══ Excerpted data ══

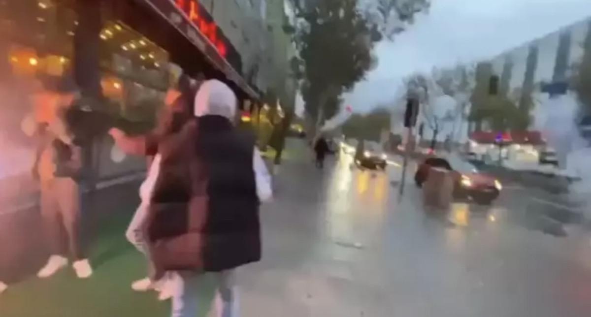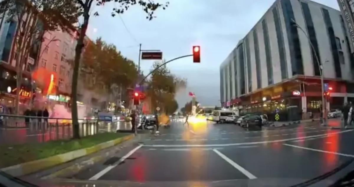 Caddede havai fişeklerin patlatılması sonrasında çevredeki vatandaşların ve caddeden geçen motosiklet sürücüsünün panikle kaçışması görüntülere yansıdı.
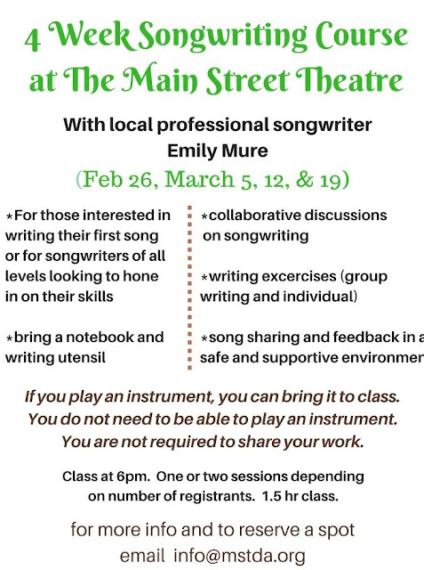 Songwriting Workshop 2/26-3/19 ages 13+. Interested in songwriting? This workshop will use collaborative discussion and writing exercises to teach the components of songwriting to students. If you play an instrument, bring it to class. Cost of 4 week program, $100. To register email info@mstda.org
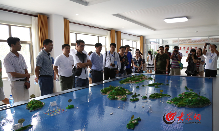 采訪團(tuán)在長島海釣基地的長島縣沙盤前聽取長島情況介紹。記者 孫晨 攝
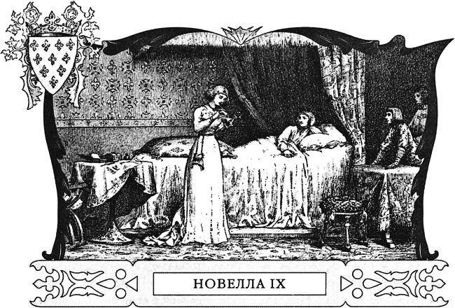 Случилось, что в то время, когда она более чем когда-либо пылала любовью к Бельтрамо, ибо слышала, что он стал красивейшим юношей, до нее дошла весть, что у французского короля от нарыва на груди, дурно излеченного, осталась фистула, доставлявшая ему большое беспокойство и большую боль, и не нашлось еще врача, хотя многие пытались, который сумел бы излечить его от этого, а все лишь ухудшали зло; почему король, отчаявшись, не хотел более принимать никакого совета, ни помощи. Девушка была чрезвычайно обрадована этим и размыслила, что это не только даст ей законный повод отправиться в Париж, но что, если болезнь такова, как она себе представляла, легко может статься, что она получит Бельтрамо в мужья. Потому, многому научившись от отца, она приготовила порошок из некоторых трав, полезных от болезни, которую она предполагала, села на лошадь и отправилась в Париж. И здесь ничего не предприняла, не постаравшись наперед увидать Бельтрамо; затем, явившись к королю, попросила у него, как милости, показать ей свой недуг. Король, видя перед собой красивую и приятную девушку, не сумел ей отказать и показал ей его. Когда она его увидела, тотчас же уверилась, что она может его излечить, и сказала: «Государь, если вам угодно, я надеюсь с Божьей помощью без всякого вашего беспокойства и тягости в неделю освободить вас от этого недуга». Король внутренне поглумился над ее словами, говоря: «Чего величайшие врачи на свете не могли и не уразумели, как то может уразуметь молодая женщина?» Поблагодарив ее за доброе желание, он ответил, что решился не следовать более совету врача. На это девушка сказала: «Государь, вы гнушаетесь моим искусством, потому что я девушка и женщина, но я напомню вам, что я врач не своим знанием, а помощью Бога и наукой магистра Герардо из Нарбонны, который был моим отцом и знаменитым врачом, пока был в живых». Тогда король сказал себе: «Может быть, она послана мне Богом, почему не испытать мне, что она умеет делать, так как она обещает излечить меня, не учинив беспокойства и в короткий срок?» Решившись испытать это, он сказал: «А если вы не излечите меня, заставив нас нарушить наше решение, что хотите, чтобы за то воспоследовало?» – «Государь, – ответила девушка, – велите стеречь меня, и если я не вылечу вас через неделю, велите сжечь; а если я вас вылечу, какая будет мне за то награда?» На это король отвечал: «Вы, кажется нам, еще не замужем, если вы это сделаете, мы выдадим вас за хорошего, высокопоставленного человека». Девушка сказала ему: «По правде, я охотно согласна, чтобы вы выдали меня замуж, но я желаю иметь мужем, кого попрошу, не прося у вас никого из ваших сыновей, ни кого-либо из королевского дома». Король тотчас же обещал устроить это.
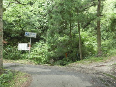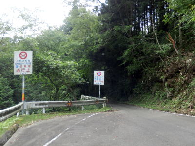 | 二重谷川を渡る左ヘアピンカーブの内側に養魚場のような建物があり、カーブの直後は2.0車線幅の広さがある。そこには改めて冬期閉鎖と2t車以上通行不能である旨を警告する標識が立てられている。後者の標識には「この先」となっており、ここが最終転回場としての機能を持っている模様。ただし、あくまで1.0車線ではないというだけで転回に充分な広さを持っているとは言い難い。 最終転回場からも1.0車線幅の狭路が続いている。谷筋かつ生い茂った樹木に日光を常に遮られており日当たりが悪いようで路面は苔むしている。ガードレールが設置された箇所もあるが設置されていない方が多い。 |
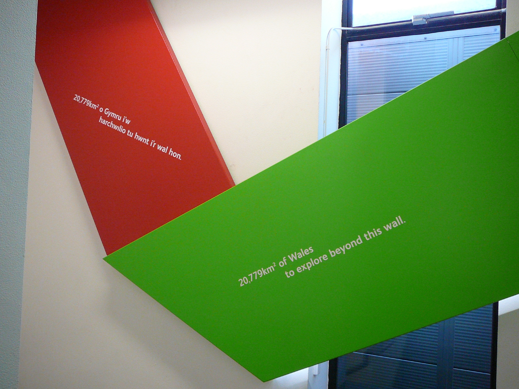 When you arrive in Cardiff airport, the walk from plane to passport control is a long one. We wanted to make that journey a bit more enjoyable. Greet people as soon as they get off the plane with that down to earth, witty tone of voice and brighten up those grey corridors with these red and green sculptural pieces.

═══

Exercise instructions |
Without copying any images, transcribe the records exactly as they stand.

Finished exercise |
 Caddede havai fişeklerin patlatılması sonrasında çevredeki vatandaşların ve caddeden geçen motosiklet sürücüsünün panikle kaçışması görüntülere yansıdı.
 Songwriting Workshop 2/26-3/19 ages 13+. Interested in songwriting? This workshop will use collaborative discussion and writing exercises to teach the components of songwriting to students. If you play an instrument, bring it to class. Cost of 4 week program, $100. To register email info@mstda.org
 采訪團(tuán)在長島海釣基地的長島縣沙盤前聽取長島情況介紹。記者 孫晨 攝
 Случилось, что в то время, когда она более чем когда-либо пылала любовью к Бельтрамо, ибо слышала, что он стал красивейшим юношей, до нее дошла весть, что у французского короля от нарыва на груди, дурно излеченного, осталась фистула, доставлявшая ему большое беспокойство и большую боль, и не нашлось еще врача, хотя многие пытались, который сумел бы излечить его от этого, а все лишь ухудшали зло; почему король, отчаявшись, не хотел более принимать никакого совета, ни помощи. Девушка была чрезвычайно обрадована этим и размыслила, что это не только даст ей законный повод отправиться в Париж, но что, если болезнь такова, как она себе представляла, легко может статься, что она получит Бельтрамо в мужья. Потому, многому научившись от отца, она приготовила порошок из некоторых трав, полезных от болезни, которую она предполагала, села на лошадь и отправилась в Париж. И здесь ничего не предприняла, не постаравшись наперед увидать Бельтрамо; затем, явившись к королю, попросила у него, как милости, показать ей свой недуг. Король, видя перед собой красивую и приятную девушку, не сумел ей отказать и показал ей его. Когда она его увидела, тотчас же уверилась, что она может его излечить, и сказала: «Государь, если вам угодно, я надеюсь с Божьей помощью без всякого вашего беспокойства и тягости в неделю освободить вас от этого недуга». Король внутренне поглумился над ее словами, говоря: «Чего величайшие врачи на свете не могли и не уразумели, как то может уразуметь молодая женщина?» Поблагодарив ее за доброе желание, он ответил, что решился не следовать более совету врача. На это девушка сказала: «Государь, вы гнушаетесь моим искусством, потому что я девушка и женщина, но я напомню вам, что я врач не своим знанием, а помощью Бога и наукой магистра Герардо из Нарбонны, который был моим отцом и знаменитым врачом, пока был в живых». Тогда король сказал себе: «Может быть, она послана мне Богом, почему не испытать мне, что она умеет делать, так как она обещает излечить меня, не учинив беспокойства и в короткий срок?» Решившись испытать это, он сказал: «А если вы не излечите меня, заставив нас нарушить наше решение, что хотите, чтобы за то воспоследовало?» – «Государь, – ответила девушка, – велите стеречь меня, и если я не вылечу вас через неделю, велите сжечь; а если я вас вылечу, какая будет мне за то награда?» На это король отвечал: «Вы, кажется нам, еще не замужем, если вы это сделаете, мы выдадим вас за хорошего, высокопоставленного человека». Девушка сказала ему: «По правде, я охотно согласна, чтобы вы выдали меня замуж, но я желаю иметь мужем, кого попрошу, не прося у вас никого из ваших сыновей, ни кого-либо из королевского дома». Король тотчас же обещал устроить это.
 | 二重谷川を渡る左ヘアピンカーブの内側に養魚場のような建物があり、カーブの直後は2.0車線幅の広さがある。そこには改めて冬期閉鎖と2t車以上通行不能である旨を警告する標識が立てられている。後者の標識には「この先」となっており、ここが最終転回場としての機能を持っている模様。ただし、あくまで1.0車線ではないというだけで転回に充分な広さを持っているとは言い難い。 最終転回場からも1.0車線幅の狭路が続いている。谷筋かつ生い茂った樹木に日光を常に遮られており日当たりが悪いようで路面は苔むしている。ガードレールが設置された箇所もあるが設置されていない方が多い。 |
 When you arrive in Cardiff airport, the walk from plane to passport control is a long one. We wanted to make that journey a bit more enjoyable. Greet people as soon as they get off the plane with that down to earth, witty tone of voice and brighten up those grey corridors with these red and green sculptural pieces.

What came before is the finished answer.